Покидая навсегда свой милый город, они с Юрулей побывали на кладбище. На старом покоились дед и бабка Юры, и его маленькая дочь, а у Вики здесь был похоронен отец.
Было тихо и сумеречно, потому что день выдался не солнечный. Листья шелестели скорбно, как и подобает в этом месте. Юра огладил могилку своей девочки, протер стеклышко над фотографией ангела, и плечи его вздрогнули. Потом они сидели на уютной скамеечке у стариков Зеленских под сиренью, устлавшей своим цветом столик и обе могилки. Юруля обнял Вику.
— Они были счастливы 55 лет, и умерли в один год. — Торжественно произнес он.
— Ты уверен? — переспросила она.
— Уверен. Они почти не разлучались, и все время старались прикоснуться друг к другу.
— Как?
— Погладить. Приласкать. Только и слышно было: «Стасенька, Наташенька». И как нитка за иголкой друг за другом.
— И он никогда ее не обижал?
— Что ты!.. Станислав Зеленский, польский ссыльный офицер, без памяти был влюблен в мещанку Наталью Нагорнову, учительницу. Это была любовь на небесах, милая.

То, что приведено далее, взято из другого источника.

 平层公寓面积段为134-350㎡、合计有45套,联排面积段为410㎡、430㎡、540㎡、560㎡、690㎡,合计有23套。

Вике стало печально, захотелось заплакать. «Почему я не могу любить его, такого милого, верного, надежного. Я ведь стараюсь, я очень стараюсь…»

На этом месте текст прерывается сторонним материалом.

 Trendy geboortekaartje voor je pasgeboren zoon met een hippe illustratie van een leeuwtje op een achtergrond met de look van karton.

Юруля нежно поцеловал ее прикрытые веки.
— Викуся, я тебя очень люблю, и у нас все будет хорошо. Ты не бойся, и знай, что я все выдержу. — Сказал он, словно угадав ее мысли. Она торопливо и покорно закивала головой. — Я приеду к тебе, если ты захочешь, в Россию. Ты должна решить сама. Оказывается, от меня ничего не зависит. А теперь пойдем, поищем могилку твоего отца.

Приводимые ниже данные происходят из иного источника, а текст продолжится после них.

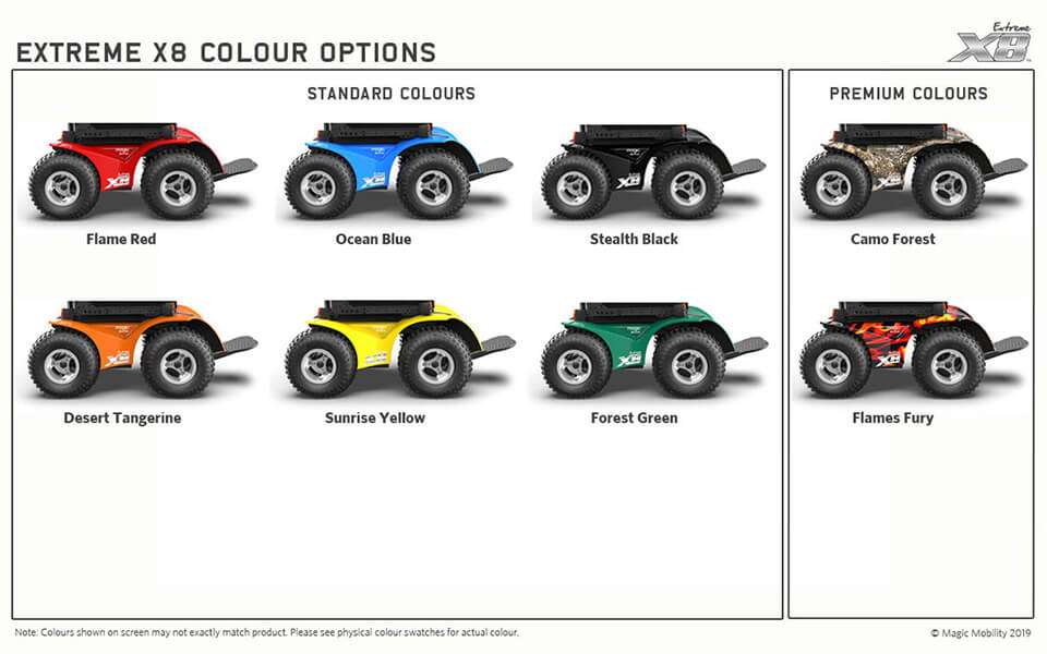 The Extreme X8 traverses kerbs and small steps with ease thanks to the large all-terrain tyres, four independent drive wheels and articulating front suspension.

Но могилу отца не нашли. Ряд захоронений 72 года кончился над логом, и потемневшее синее пространство неба прорезали красивые огненные сполохи. Сразу же ударил ветер, разметал рубиновые пряди Викиных волос. Страшно стало стоять над логом, среди могил, и они поспешили к кладбищенским воротам. Осталось чувство сожаления, что с отцом она не попрощалась.
На другой день было солнышко, и Вика с утра купила цветы, ей хотелось побыть со своими стариками наедине. Она поехала автобусом одна на другое кладбище в Новопаловку. Шла к ним неспешно, слушая пение птиц и шепот кладбищенских трав. Голова была ясной, а сердце легким. Радостные, с всегдашней, веселой искринкой бабушкины глаза, встретили ее издали. Она уже знала, с какой стороны ни зайти, бабушка Анна видит гостя. Взгляд же, деда Константина, всегда насуплен и угадывается в нем мука тайная. Словно так много знает он о людях — живых и мертвых, что и смотреть-то больно. Вот они какие разные, — опять увидела она, щелкнула задвижкой, зашла в оградку, встала на колени: «Здравствуйте, мои родные!»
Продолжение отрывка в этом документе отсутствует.